Corticosteroid	Anti-inflammatory actions.104	Reduced mortality in patients with ARDS.105 Faster improvement in patients with severe COVID pneumonia.106	Considered safe, approved for lung maturation in preterm birth.107
ACE inhibitors or angiotensin receptor blockers	ACE2 receptor is the cell receptor for viral entry for COVID-19 virus.108,109	No data yet from randomized clinical trials or observational studies85	Contraindicated in pregnancy.110,111
Convalescent plasma	Convalescent plasma from recently recovered donors targeting COVID-19 virus.	10 Patients with clinically severe COVID-19 were given 200 mL of convalescent plasma. Increase in oxyhemoglobin saturation by day 3, and improved lymphocyte count as well as CRP levels were noted.Several studies are currently underway.112	No data on safety in pregnancy. However, specific immunoglobulins as for varicella are used in pregnancy.103

ACE = angiotensin-converting enzyme; ARDS, acute respiratory distress syndrome; COVID-19 = coronavirus disease 2019; CRP = C-reactive protein; CT = computed tomography; FDA = Food and Drug Administration; HCQ = hydroxychloroquine; HIV = human immunodeficiency virus; IL = interleukin.

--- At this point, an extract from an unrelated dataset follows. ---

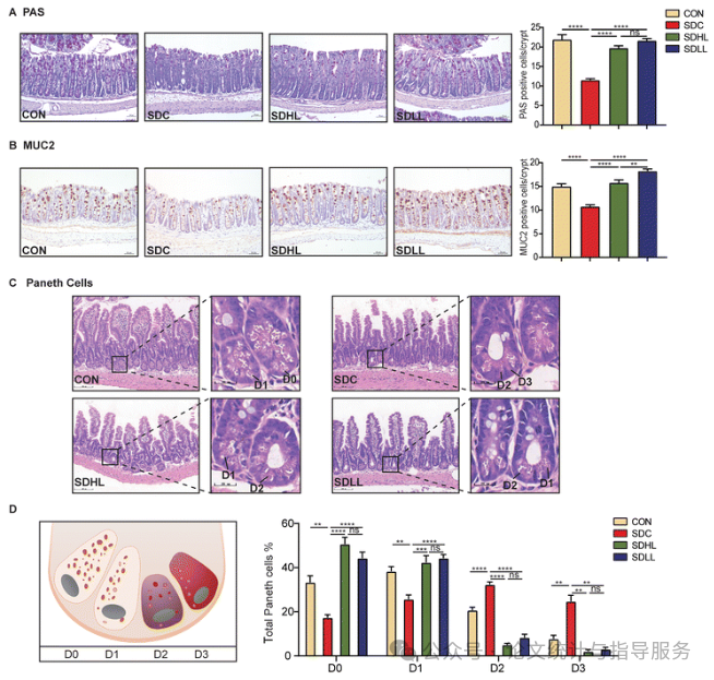 潘氏细胞能够分泌含有抗菌肽(AMPs)的颗粒,这些细胞位于小肠隐窝的底部。研究人员通过评估颗粒的各种形态以及包装在潘氏颗粒中的AMPs水平来评估潘氏细胞的功能。结果显示,睡眠剥夺降低了D0和D1型颗粒的百分比,而活LGG和热处理灭活的LGG均能提高这些颗粒的百分比。

There are 6 candidate vaccines under phase 1 or 2 clinical trials and 77 more candidate vaccines in preclinical evaluation as of April 23, 2020.¹¹⁴ Many vaccines use the spike protein (S protein) as their platform and present as forms of recombinant protein-based vaccines, live attenuated vaccines, inactive viral vaccines, and viral-vector–based vaccines.¹¹⁵ Live attenuated vaccines are generally contraindicated in pregnancy, but exceptions may be made during pandemic situations (exception for smallpox vaccine). As with any drug under development, assessment for safety in pregnancy is conducted after initial safety data become available from clinical studies.¹¹⁶ Although it is essential to guarantee safety, an unfortunate impact of delaying research in pregnancy is that vaccinations for pregnant women may also be delayed. This is especially problematic during a pandemic or epidemic, as evident from lessons learned from the Ebola outbreak.¹¹⁷

Future Perspectives

The presented data are preliminary, collected over 4 months and likely to change once large data sets become available. However, the projected course of COVID-19 on the morbidity and mortality of pregnant patients during these challenging times is unprecedented. Racial disparities are known to exist in the obstetric literature.¹¹⁸ Global health crises subject racial and ethnic minorities, as well as patients with immunocompromised comorbidities, to poorer outcomes. We envision that national and international perinatal societies will focus on the unique challenges faced by vulnerable patient populations that are burdened with physical, emotional, and social crises, with a focus on improving outcomes for all pregnant patients.

Conclusion

Given differing physiology during gestation, pregnancy represents a vulnerable state that may be associated with a greater risk of SARS-CoV-2 infection and subsequent worse COVID-19 outcomes. Global efforts to fast track publication of data on COVID-19 in pregnancy, albeit limited, have allowed us to form a framework to care for these patients. Early reports suggest higher rates of preeclampsia and other pregnancy-related complications with SARS-CoV-2 infection during pregnancy, thus adding urgency to the pursuit of research into optimal COVID-19 treatment and preventive strategies during pregnancy.